I would like to search through a text file and print out a line and its subsequent 3 lines if a keyword is found in the line AND a different keyword is found within the subsequent 3 lines.
My code right now prints too much information. Is there a way to move forward to the next section of text once a portion is already printed?
text = """
here is some text 1
I want to print out this line and the following 3 lines only once keyword 2
print this line since it has a keyword2 3
print this line keyword 4
print this line 5
I don't want to print this line but I want to start looking for more text starting at this line 6
Don't print this line 7
Not this line either 8
I want to print out this line again and the following 3 lines only once keyword 9
please print this line keyword 10
please print this line it has the keyword2 11
please print this line 12
Don't print this line 13
Start again searching here 14
etc.
"""
text2 = open("tmp.txt","w")
text2.write(text)
text2.close()
searchlines = open("tmp.txt").readlines()
data = []
for m, line in enumerate(searchlines):
line = line.lower()
if "keyword" in line and any("keyword2" in l.lower() for l in searchlines[m:m+4]):
for line2 in searchlines[m:m+4]:
data.append(line2)
print ''.join(data)
The output right now is:
I want to print out this line and the following 3 lines only once keyword 2
print this line 开发者_JAVA技巧since it has a keyword2 3
print this line keyword 4
print this line 5
print this line since it has a keyword2 3
print this line keyword 4
print this line 5
I don't want to print this line but I want to start looking for more text starting at this line 6
I want to print out this line again and the following 3 lines only once keyword 9
please print this line keyword 10
please print this line it has the keyword2 11
please print this line 12
please print this line keyword 10
please print this line it has the keyword2 11
please print this line 12
Don't print this line 13
please print this line it has the keyword2 11
please print this line 12
Don't print this line 13
Start again searching here 14
I would like it to print out only:
I want to print out this line and the following 3 lines only once keyword 2
print this line since it has a keyword2 3
print this line keyword 4
print this line 5
I want to print out this line again and the following 3 lines only once keyword 9
please print this line keyword 10
please print this line it has the keyword2 11
please print this line 12
So, as someone else has pointed out, your first keyword keyword
is a substring of your second keyword keyword2
. So I've implemented this using regexp objects, so that you can use the word boundary anchor \b
.
import re
from StringIO import StringIO
text = """
here is some text 1
I want to print out this line and the following 3 lines only once keyword 2
print this line since it has a keyword2 3
print this line keyword 4
print this line 5
I don't want to print this line but I want to start looking for more text starting at this line 6
Don't print this line 7
Not this line either 8
I want to print out this line again and the following 3 lines only once keyword 9
please print this line keyword 10
please print this line it has the keyword2 11
please print this line 12
Don't print this line 13
Start again searching here 14
etc.
"""
def my_scan(data,search1,search2):
buffer = []
for line in data:
buffer.append(line)
if len(buffer) > 4:
buffer.pop(0)
if len(buffer) == 4: # Valid search block
if search1.search(buffer[0]) and search2.search("\n".join(buffer[1:3])):
for item in buffer:
yield item
buffer = []
# First search term
s1 = re.compile(r'\bkeyword\b')
s2 = re.compile(r'\bkeyword2\b')
for row in my_scan(StringIO(text),s1,s2):
print row.rstrip()
Produces:
I want to print out this line and the following 3 lines only once keyword 2
print this line since it has a keyword2 3
print this line keyword 4
print this line 5
I want to print out this line again and the following 3 lines only once keyword 9
please print this line keyword 10
please print this line it has the keyword2 11
please print this line 12
So you want to print out all blocks of 4 lines containing more than 2 keywords?
Anyway, thats what I've just came up with.

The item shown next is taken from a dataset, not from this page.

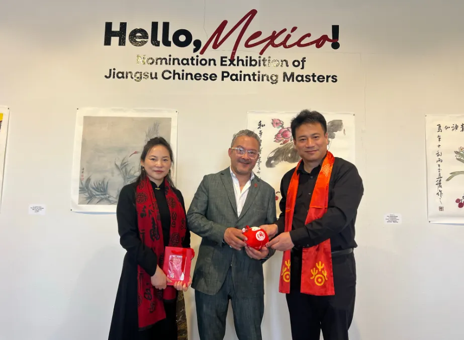 当地时间2月24日,“你好,墨西哥——江苏中国画名家提名展”在墨西哥墨西卡利美术馆正式启幕。中国驻蒂华纳总领事傅新蓉,中国画学会副秘书长、江苏省中国画学会会长翟优,江苏省中国画学会党支部书记、学术委员会委员张广才,常务理事周胜荣、樊蕾,理事张莉,下加州文化局副局长古铁雷斯,下加州文化局博物馆与画廊处处长福蒂斯,墨西卡利美术馆馆长埃斯皮诺萨,中墨友好促进会执行主席兼秘书长梁绮梅等中墨嘉宾及200余人以线上线下的形式出席开幕式,共赏东方艺术雅韵,共叙文明互鉴深情。本次展览以丹青为桥、以笔墨为媒,将中华传统书画精髓与水韵江苏的人文底蕴远渡重洋带到墨西哥,为中墨文化交流谱写了浓墨重彩的崭新篇章。
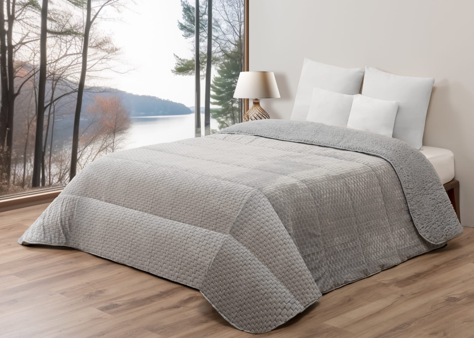 Edredón Comforter Polar con Sherpa COLOR GRIS – MODELO Trama Elegance - 240 x 260 cm (POLAR 14)

Maybe you can use it:
text = """
here is some text 1
I want to print out this line and the following 3 lines only once keyword 2
print this line since it has a keyword2 3
print this line keyword 4
print this line 5
I don't want to print this line but I want to start looking for more text starting at this line 6
Don't print this line 7
Not this line either 8
I want to print out this line again and the following 3 lines only once keyword 9
please print this line keyword 10
please print this line it has the keyword2 11
please print this line 12
Don't print this line 13
Start again searching here 14
etc.
""".splitlines()
keywords = ['keyword', 'keyword2']
buffer, kw = [], set()
for line in text:
if len(buffer) == 0: # first line of a block
for k in keywords:
if k in line:
kw.add(k)
buffer.append(line)
continue
else: # continuous lines
buffer.append(line)
for k in keywords:
if k in line:
kw.add(k)
if len(buffer) > 3:
if len(kw) >= 2: # just print blocks with enough keywords
print '\n'.join(buffer)
buffer, kw = [], set()
Your keywords are overlapping: "keyword" is a subset of "keyword2".
Also, your data implies you don't want to see line 13 but acc. to the problem statement it should be printed.
I changed your first keyword from "keyword" to "firstkey" like this and your code works (except for line 13).
$ diff /tmp/q /tmp/q2
4c4
< I want to print out this line and the following 3 lines only once keyword 2
---
> I want to print out this line and the following 3 lines only once firstkey 2
6c6
< print this line keyword 4
---
> print this line firstkey 4
11,12c11,12
< I want to print out this line again and the following 3 lines only once keyword 9
< please print this line keyword 10
---
> I want to print out this line again and the following 3 lines only once firstkey 9
> please print this line firstkey 10
30c30
< if "keyword" in line and any("keyword2" in l.lower() for l in searchlines[m:m+4]):
---
> if "firstkey" in line and any("keyword2" in l.lower() for l in searchlines[m:m+4]):
First, you could correct your code like that:
text = """
0//
1// here is some text 1
A2// I want to print out this line and the following 3 lines only once keyword 2
b3// print this line since it has a keyword2 3
b4// print this line keyword 4
b5// print this line 5
6// I don't want to print this line but I want to start looking for more text starting at this line 6
7// Don't print this line 7
8// Not this line either 8
A9// I want to print out this line again and the following 3 lines only once keyword 9
b10// please print this line keyword 10
b11// please print this line it has the keyword2 11
b12// please print this line 12
13// Don't print this line 13
14// Start again searching here 14
15// etc.
"""
searchlines = map(str.lower,text.splitlines(1))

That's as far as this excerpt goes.